→ Brief
Every record below should be transcribed exactly. Omit the images.
++++++
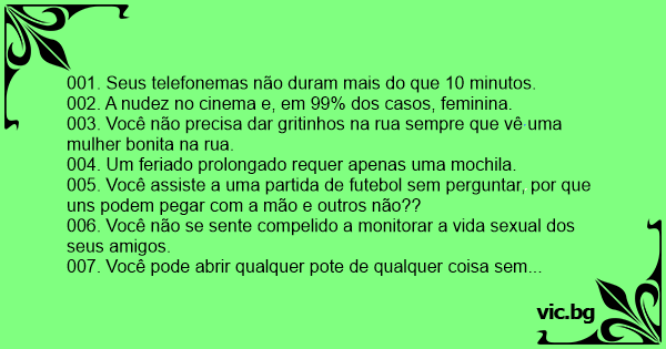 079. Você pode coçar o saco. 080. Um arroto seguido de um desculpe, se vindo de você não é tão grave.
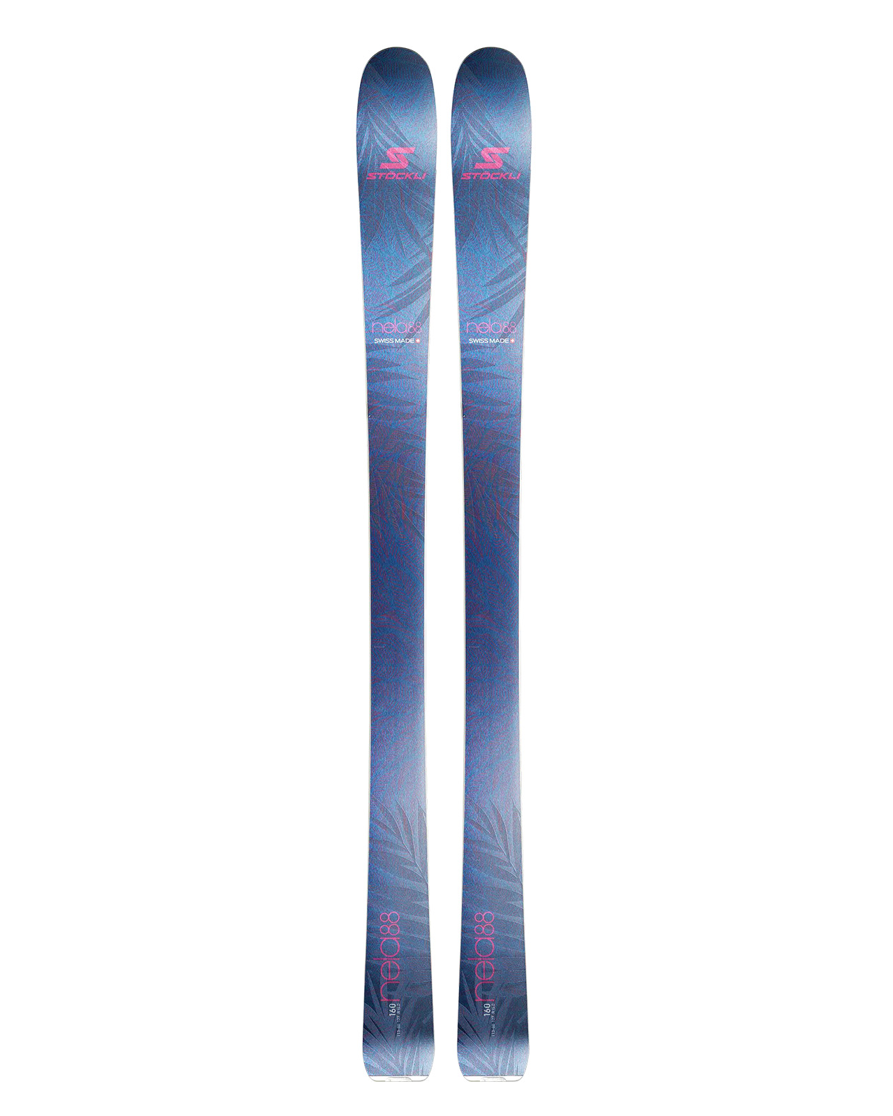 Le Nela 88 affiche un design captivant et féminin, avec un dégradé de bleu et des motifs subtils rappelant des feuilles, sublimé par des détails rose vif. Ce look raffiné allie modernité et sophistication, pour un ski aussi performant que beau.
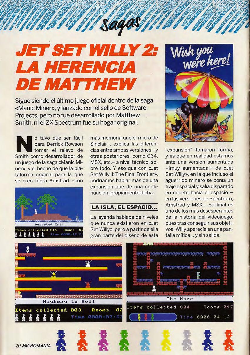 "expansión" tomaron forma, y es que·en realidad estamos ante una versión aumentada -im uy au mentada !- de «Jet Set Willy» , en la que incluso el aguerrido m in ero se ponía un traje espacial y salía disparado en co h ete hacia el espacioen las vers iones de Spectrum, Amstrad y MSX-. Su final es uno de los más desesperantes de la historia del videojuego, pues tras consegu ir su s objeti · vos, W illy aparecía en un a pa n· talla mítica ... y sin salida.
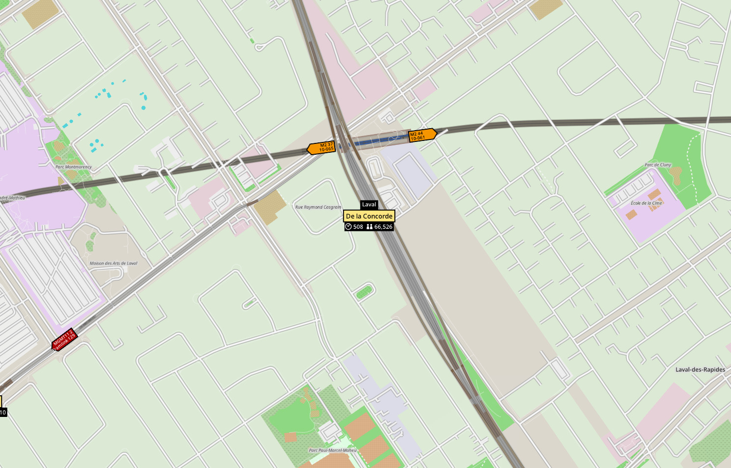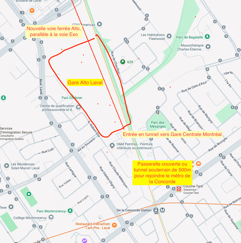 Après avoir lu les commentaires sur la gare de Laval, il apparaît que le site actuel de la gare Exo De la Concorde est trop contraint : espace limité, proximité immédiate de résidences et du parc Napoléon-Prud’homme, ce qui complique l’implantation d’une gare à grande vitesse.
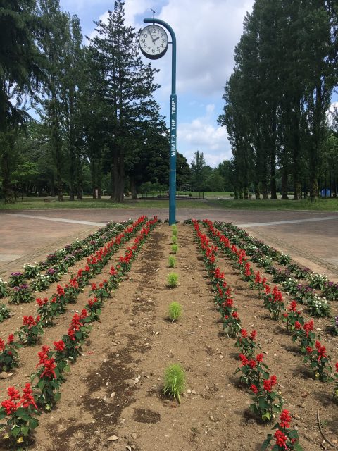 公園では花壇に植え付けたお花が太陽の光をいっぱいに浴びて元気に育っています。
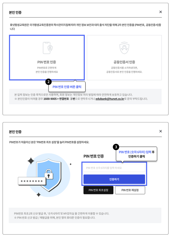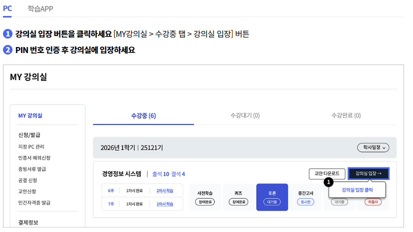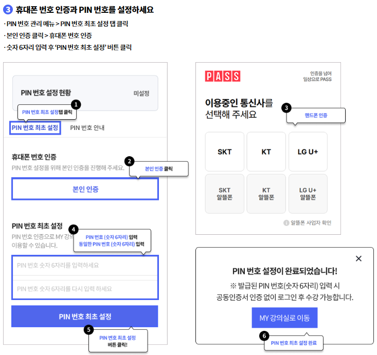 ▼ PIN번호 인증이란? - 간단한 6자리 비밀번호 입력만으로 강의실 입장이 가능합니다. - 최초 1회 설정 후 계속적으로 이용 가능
++++++
→ Result below
 079. Você pode coçar o saco. 080. Um arroto seguido de um desculpe, se vindo de você não é tão grave.
 Le Nela 88 affiche un design captivant et féminin, avec un dégradé de bleu et des motifs subtils rappelant des feuilles, sublimé par des détails rose vif. Ce look raffiné allie modernité et sophistication, pour un ski aussi performant que beau.
 "expansión" tomaron forma, y es que·en realidad estamos ante una versión aumentada -im uy au mentada !- de «Jet Set Willy» , en la que incluso el aguerrido m in ero se ponía un traje espacial y salía disparado en co h ete hacia el espacioen las vers iones de Spectrum, Amstrad y MSX-. Su final es uno de los más desesperantes de la historia del videojuego, pues tras consegu ir su s objeti · vos, W illy aparecía en un a pa n· talla mítica ... y sin salida.
 Après avoir lu les commentaires sur la gare de Laval, il apparaît que le site actuel de la gare Exo De la Concorde est trop contraint : espace limité, proximité immédiate de résidences et du parc Napoléon-Prud’homme, ce qui complique l’implantation d’une gare à grande vitesse.
 公園では花壇に植え付けたお花が太陽の光をいっぱいに浴びて元気に育っています。
 ▼ PIN번호 인증이란? - 간단한 6자리 비밀번호 입력만으로 강의실 입장이 가능합니다. - 최초 1회 설정 후 계속적으로 이용 가능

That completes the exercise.